One of the areas of training I recently chose to pursue is how to be a better trainer. Specifically, training people in testing skills, using the Black Box Software Tester (BBST) model. In my view, it’s one of the best ways to learn how to be a better tester, in part because it has serious academic rigour behind it.

Dr. Cem Kaner, J.D., Ph.D., is one of the masterminds of the BBST courses. The curriculum and pedagogical model come from his work at the University of Florida, where he teaches software testing. As far as I know, Dr. Kaner is one of the very few people teaching and researching software testing in an academic way. The format that I’ve been exposed to has been via the Association for Software Testing (AST)’s online education system (running on a Moodle instance, for anyone who is curious).

Over the last few years, I completed the trifecta of testing-focused courses that they offer: Foundations, Bug Advocacy, and Test Strategy. These courses are no cakewalk – the lecture videos cover a lot of ground, there’s a fair bit of reading, but most importantly, there’s a LOT of assignments. As well, most of those assignments are group ones, and you’re assigned to a group. Since the courses are offered online, you could be working with people from all over the globe. All the assignments are designed to teach you about the topic, but also about the benefits and pitfalls of working across borders and time zones.

The AST also offers one non-testing course: Instructor. All of the courses are taught by volunteers, and to make sure that those volunteers understand the fundamentals of what they’ll need to know in leading the courses, they’re put through a one-month course of their own. Once they successfully complete the course, they can volunteer to be assistant instructors, under a lead instructor. After a few assistant jobs, they can volunteer to be a lead. The system seems to have been designed this way to provide people with the basics, while allowing them to grow in to their own unique trainer.

I didn’t find the instructor course as demanding as the testing-focused courses, which makes sense to me. They don’t want to put too many preconcieved notions of how a course should go, especially since the AST’s testing philosophy leans towards context-driven. What’s more context-driven than a relatively random group of people, getting together online to learn about software testing?

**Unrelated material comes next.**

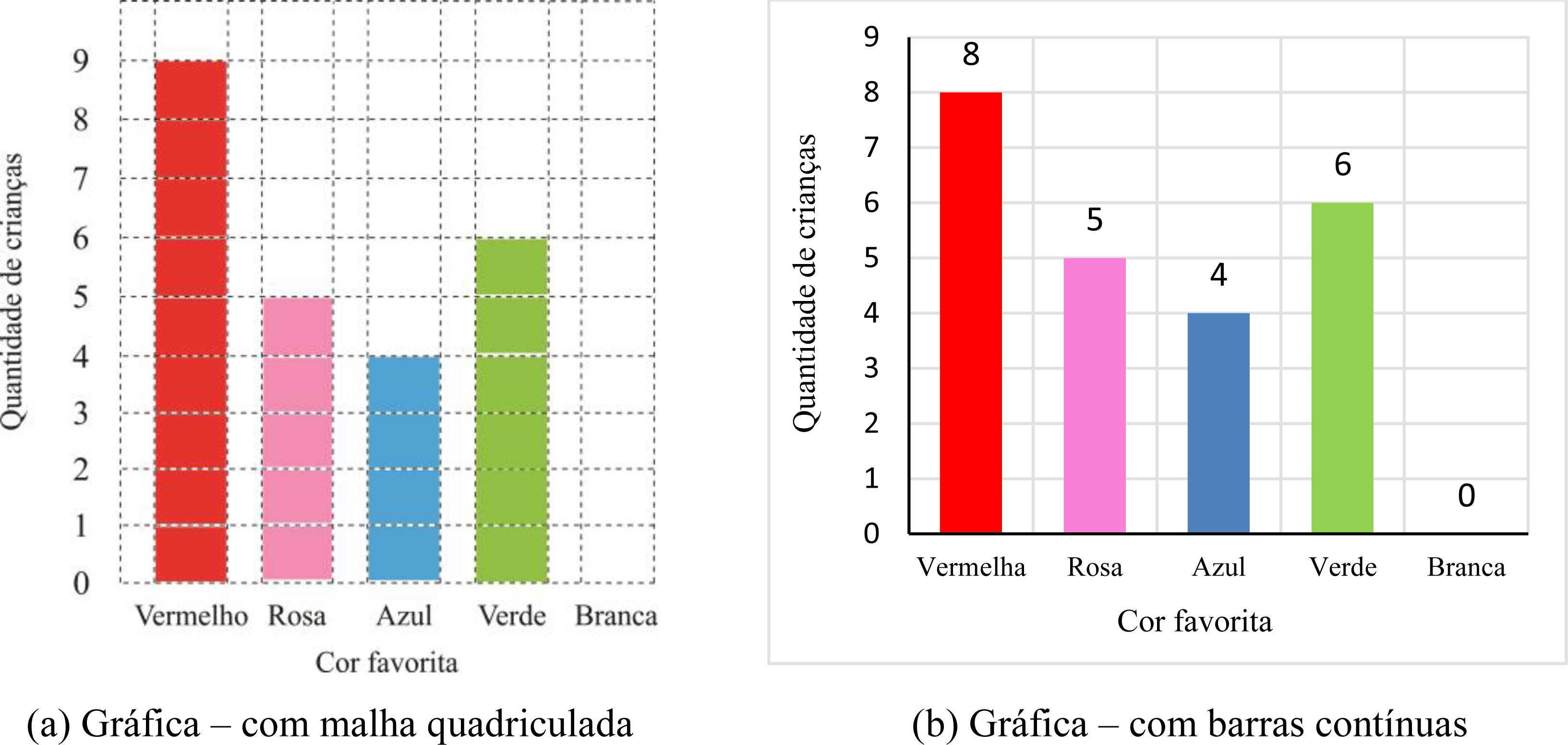 A seguir podemos representar esses dados em gráfico de barras, pintando quadradinhos com a cor favorita, na malha quadriculada (Figura 6a), e depois pintando as barras contínuas, com a altura igual à quantidade de crianças que escolheram cada cor (Figura 6b). Neste caso particular, a cor das barras ainda é elemento ostensivo, mas os outros elementos são não ostensivos.

I’m in the middle of assisting with my first course now, and have already found it really interesting. There are people from a LOT of different backgrounds, including some people who one might not normally consider as “testers”, but who have a vested interest in understanding testing. To me, that’s immensely exciting, because it means that more people are starting to come around to the idea that testing is it’s own discipline, and that it is worthy not only of respect, but serious study.